Figures & data
Figure 1 LncRNA AATBC was significantly up-regulated and its knock-down dramatically inhibited the growth of PCa in vitro and in vivo. (A) Expression of AATBC was detected by qRT-PCR in PCa tissues (n=86) and adjacent normal tissues (n=86). (B) Expression of AATBC was significantly upregulated in PCa cells by qRT-PCR analysis. (C) The validity of AATBC silence was confirmed by qRT-PCR. (D–F) The proliferation and colony formation abilities in PC3 and LNCAP cells of AATBC knockdown were obviously repressive. (G) The apoptosis in AATBC-silenced PC3 and LNCAP cells were disclosed through Annexin V-FITC/PI apoptosis detection. (H–I) Upon downregulation of AATBC expression, the migration and invasion abilities of PC3 and LNCAP cells were measured by transwell assay (scale bars: 100 μm). (J) Knocking down of AATBC significantly shrunk the volume of xenografted tumor in vivo compared to the negative control with transfected with sh-NC. *P<0.05; **P<0.01.
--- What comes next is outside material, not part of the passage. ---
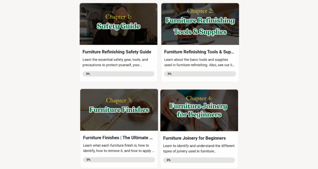 Learn by watching real projects come to life! Alongside the book chapters, you’ll also get access to exclusive furniture makeover videos where you can see the techniques in action.
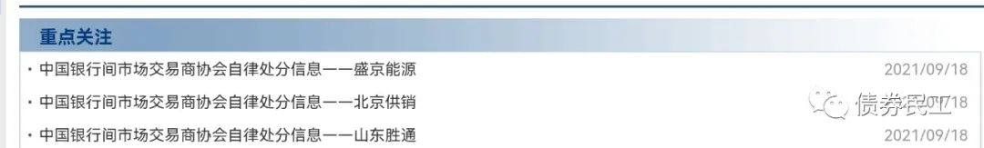 (2)根據中國銀行間市市場交易商協會2021年9月18日披露的信息2,交易商協會對沈陽盛京能源發展集團有限公司、北京供銷社投資管理中心和山東勝通集團股份有限公司等3家債券發行人因信息披露存在問題,被處以自律處分。

Figure 2 miR-1245b-5p was sponged by AATBC and restrained the progression of PCa. (A and B) Subcellular location of AATBC was determined by nucleus-cytoplasm fractionation and FISH. Scale bars, 20 μm. (C) Starbase database predicted the four miRNAs that had the binding sites to AATBC, and their expression were determined in the PCa cells by qRT-PCR. (D) Pearson correlation analysis showed the passive relationship between miR-1245b-5p and AATBC expression in PCa tissues from our cohort. (E) Predicted binding sites between miR-1245b-5p and AATBC 3ʹ-UTR. (F–H) Biotin-labeled pull-down assay, luciferase assay and RIP assay were used to affirm the interaction between the miR-1245b-5p and AATBC, respectively. (I) The competence of miR-1245b-5p overexpression was validated by qRT-PCR. (J–L) The proliferation and colony formation abilities in miR-1245b-5p overexpressed PC3 and LNCAP cell were significantly augmented by CCK8 and colony formation assay analysis. (M) miR-1245b-5p overexpression significantly promoted the apoptosis of PC3 and LNCAP cells through Annexin V-FITC/PI apoptosis detection. (N and O) miR-1245b-5p overexpression significantly inhibited the migrated and invasive abilities of PC3 and LNCAP cells by transwell assay, respectively. *P<0.05; **P<0.01.
Figure 3 CASK was one downstream target of miR-1245b-5p and boosted the progression of PCa. (A) Venn diagram exhibited the predicted target genes of miR-1245b-5p by the crosstalk of four databases (starbase, miRDB, targetscan and miRWalk), and 5 common genes were selected as the candidate genes. (B and C) qRT-PCR assays confirmed that the expression of CASK could be altered by the overexpression of miR-1245b-5p and silence of AATBC in PC3 and LNCAP cells. (D and E) The mRNA and protein expression of CASK was quantified in PCa cells and normal cells by qRT-PCR and Western blot, respectively. (F) RIP assay justified that AATBC, miR-1245b-5p and CASK could be coexisted in Ago2 pallets. (G) Bioinformatics database predicted the binding site between miR-1245b-5p and CASK. (H and I) Luciferase assay and RNA pull down assay elucidated the interaction between the miR-1245b-5p and CASK above the binding site. (J) The knockdown efficiency of miR-1245b-5p was validated by qRT-PCR. (K and L) CASK mRNA expression and protein levels were determined by RT-qPCR and Western blot in sh-NC, sh-AATBC and sh-AATBC+miR-1245b-5p inhibitors groups. (M) The knockdown competence of CASK was validated by qRT-PCR. (N–Q) The influence of biological function including colony formation (N), apoptosis (O), migration (P) and invasion (Q) were determined in PCa cells with the silence of CASKC. **P<0.01.
Figure 4 AATBC advanced PCa cell progression by the regulation of miR-1245b-5p/CASK axis. (A) The efficiency of CASK overexpression was manifested by RT-qPCR. (B and C) Colony formation was carried out to weigh cell proliferation competence in PCa cells of AATBC depletion plus miR-1245b-5p downregulation or CASK overexpression. (D) The apoptosis in PCa cells of AATBC depletion plus miR-1245b-5p downregulation or CASK overexpression was determined by the analysis of Annexin V-FITC/PI apoptosis detection kit. (E and F) The migratory and invasive ability of PCa cells of AATBC depletion plus miR-1245b-5p downregulation or CASK overexpression were appraised by transwell assay (scale bars: 100 μm). **P<0.01, vs sh-NC. ##P<0.01, vs sh-AATBC.